# International Money Transfers for Property Abroad



## MoneyCanada (Oct 25, 2017)

Relocating abroad? Buying a house in a foreign country for the sake of diversification? Inherited property overseas? Paying your mortgage in another country? 

If any of the above applies to you, you should carefully consider the costs of transferring money abroad through your bank. Unwarranted FX fees that you might not even be aware of are very substantial if you’re moving large sums of money out of the country – especially if you’re exchanging money like this on a monthly basis. 

*The costs of international money transfers
*
When it comes to transferring money abroad, there are two types of fees to be paid.
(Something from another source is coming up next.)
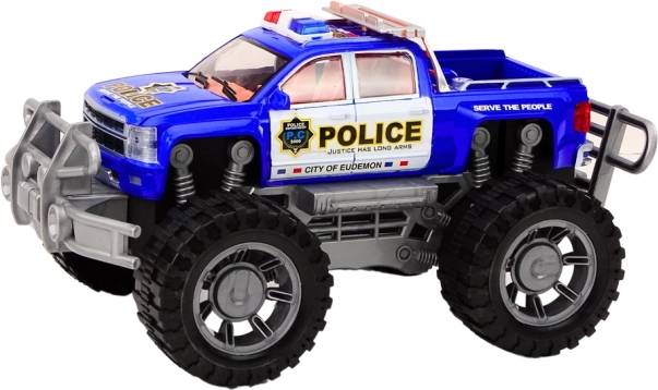 Bilen har optræk/drive, så efter at de bageste hjul drejes, kører bilen selv af sted. Takket være det samlede design og detaljerne minder legetøjet om en ægte terrængående politibil, som helt sikkert vil glæde små bil- og politientusiaster.
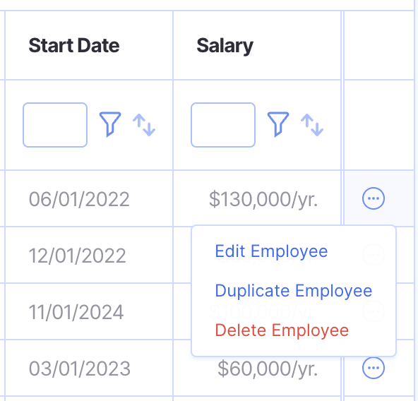 From here, you can either Edit, Duplicate or Delete the employee.

1) The first and more straightforward charge, is the fixed fees per transfer. At RBC, for example, it will cost you either $13.50 or $35 per transfer. These fees can add up over the months, but they are likely to be your lesser concern.

2) The second fee - which is completely hidden - can add up to a lot more money. This fee is due to foreign exchange markups. Banks are basically selling you foreign currency for a lot more than what they buy it for. If a bank gives you 0.75 American dollars for each Loonie you pay, when the real interbank rate is 0.79, then it means you are getting *paying 5% in fees*. 
Because exchanging foreign currency is somewhat complicated, and the percentages appear low, few Canadians understand the ultimate cost to their pocketbook.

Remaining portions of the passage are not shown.